To solve the above technical problems, the embodiments of the present application also provide computer equipment. For details, please refer to FIG. 7 , which is a block diagram of the basic structure of a computer device according to this embodiment.

The computer device 200 includes a memory 210 , a processor 220 , and a network interface 230 that communicate with each other through a system bus. It should be noted that only the computer device 200 with components 210-230 is shown in the figure, but it should be understood that implementation of all of the shown components is not required, and more or less components may be implemented instead. Among them, those skilled in the art can understand that the computer device here is a device that can automatically perform numerical calculation and/or information processing according to pre-set or stored instructions, and its hardware includes but is not limited to microprocessors, special-purpose Integrated circuit (Application Specific Integrated Circuit, ASIC), programmable gate array (Field-Programmable Gate Array, FPGA), digital processor (Digital Signal Processor, DSP), embedded equipment, etc.

The computer equipment may be a desktop computer, a notebook computer, a palmtop computer, a cloud server and other computing equipment. The computer device can perform human-computer interaction with the user through a keyboard, a mouse, a remote control, a touch pad or a voice control device.

The memory 210 includes at least one type of readable storage medium, including flash memory, hard disk, multimedia card, card-type memory (eg, SD or DX memory, etc.), random access memory (RAM), static Random Access Memory (SRAM), Read Only Memory (ROM), Electrically Erasable Programmable Read Only Memory (EEPROM), Programmable Read Only Memory (PROM), magnetic memory, magnetic disks, optical disks, etc., the computer readable storage Media can be non-volatile or volatile. In some embodiments, the memory 210 may be an internal storage unit of the computer device 200 , such as a hard disk or a memory of the computer device 200 . In other embodiments, the memory 210 may also be an external storage device of the computer device 200, such as a plug-in hard disk, a smart memory card (Smart Media Card, SMC), a secure digital (Secure Digital, SD) card, flash memory card (Flash Card), etc. Of course, the memory 210 may also include both the internal storage unit of the computer device 200 and its external storage device. In this embodiment, the memory 210 is generally used to store the operating system and various application software installed on the computer device 200 , such as computer-readable instructions applied to the distillation method of the BERT model. In addition, the memory 210 can also be used to temporarily store various types of data that have been output or will be output.

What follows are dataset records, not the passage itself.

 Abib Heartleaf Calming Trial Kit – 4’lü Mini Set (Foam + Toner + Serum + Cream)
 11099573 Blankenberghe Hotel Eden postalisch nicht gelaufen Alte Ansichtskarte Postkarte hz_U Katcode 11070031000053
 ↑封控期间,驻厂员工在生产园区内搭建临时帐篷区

The processor 220 may be a central processing unit (Central Processing Unit, CPU), a controller, a microcontroller, a microprocessor, or other data processing chips in some embodiments. The processor 220 is typically used to control the overall operation of the computer device 200 . In this embodiment, the processor 220 is configured to execute the computer-readable instructions stored in the memory 210 or process data, for example, the computer-readable instructions for executing the distillation method applied to the BERT model.

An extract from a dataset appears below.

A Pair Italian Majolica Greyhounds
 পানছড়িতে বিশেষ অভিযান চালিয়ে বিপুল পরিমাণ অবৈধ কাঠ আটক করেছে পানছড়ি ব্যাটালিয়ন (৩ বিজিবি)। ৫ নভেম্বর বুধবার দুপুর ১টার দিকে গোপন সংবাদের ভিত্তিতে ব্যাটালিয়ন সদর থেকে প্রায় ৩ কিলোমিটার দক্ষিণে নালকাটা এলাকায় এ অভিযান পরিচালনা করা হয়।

The network interface 230 may include a wireless network interface or a wired network interface, and the network interface 230 is generally used to establish a communication connection between the computer device 200 and other electronic devices.

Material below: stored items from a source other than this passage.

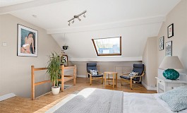 The three ample bedrooms, two of which are double are all presented to a high standard. The attic bedroom is again flooded with light and further useful eaves storage. The contemporary bathroom has been thoughtfully designed and executed, with a white suite, comprising of bath and a separate shower, ensuring a stylish and functional space for your daily routines.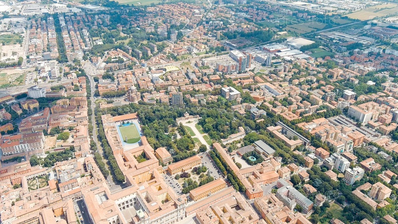 Дюкале ди Модена дворцовый дворец, парк Giardino Ducale Estense исторический центр лето воздушный вид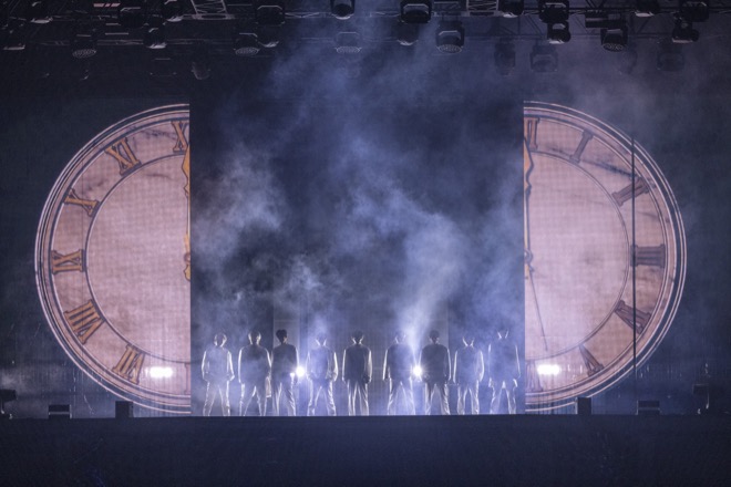 最後は時計の針が同じ位置に戻るかのごとく、9人がライブ開演時と同じポジションについて本編は終幕。彼らが向こうに消えたLEDパネル上では時計が1時を指し、“Go to the 13 years”というメッセージが浮かび上がった。時計の針が一周しても、それはまったく同じ時間に戻ってきたわけではない。12時を超えた1時、つまり13時という新たな一歩を刻んでいくということであり、12周年から13年目を迎えた超特急にもまったく同じことが言えるのだ。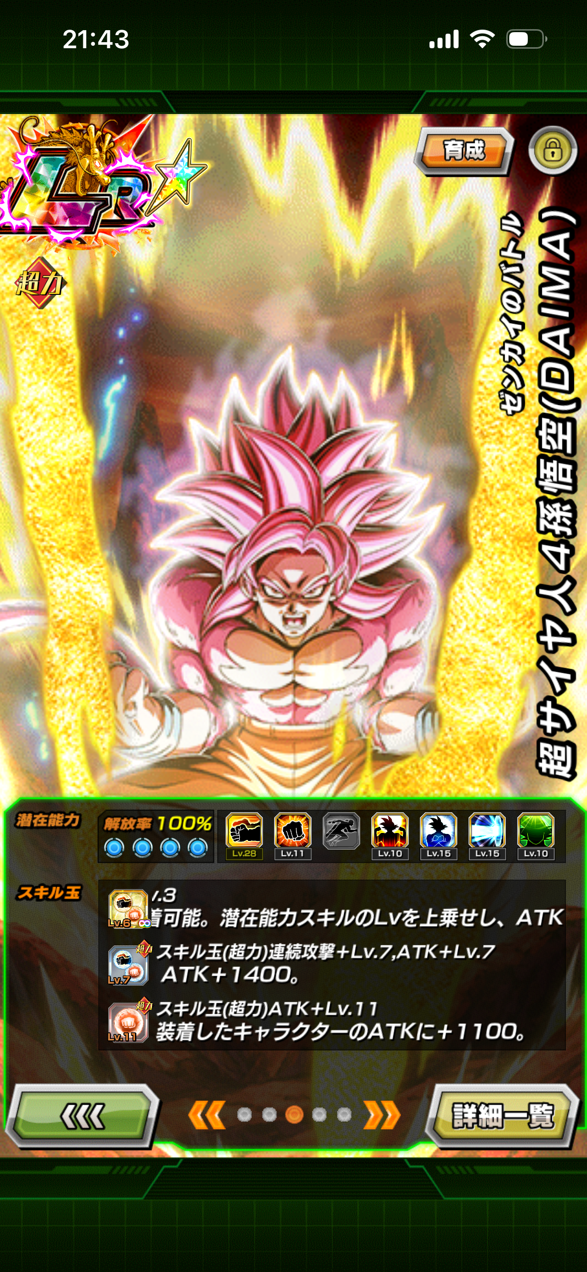 一例として、11周年の目玉キャラ・LR【ゼンカイのバトル】超サイヤ人4孫悟空(DAIMA)を『ATK+3,700』『DEF+3,700』した時、その強さにどれほどの違いが出て来るのか見てみましょう。
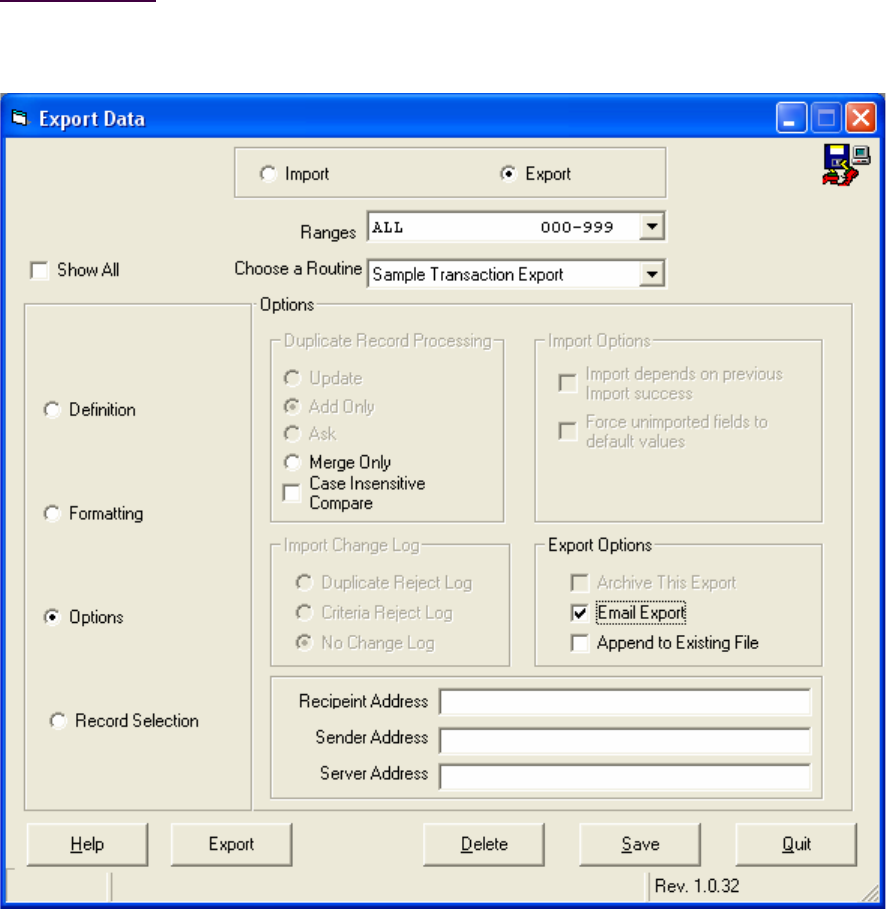 This screen allows you to select options that control the behavior of the import/export.

The steps of the above distillation method applied to the BERT model include:

The distillation method applied to the BERT model provided by this application, because the simplified BERT model retains the same model structure as the original BERT model, the difference is the number of layers, which makes the amount of code changes smaller, and the prediction codes of the large model and the small model are It is consistent, and the original code can be reused, so that the model does not need to balance the weight of each loss parameter in the process of distillation, thereby reducing the difficulty of the deep model distillation method. , making the convergence of the reduced BERT model more stable.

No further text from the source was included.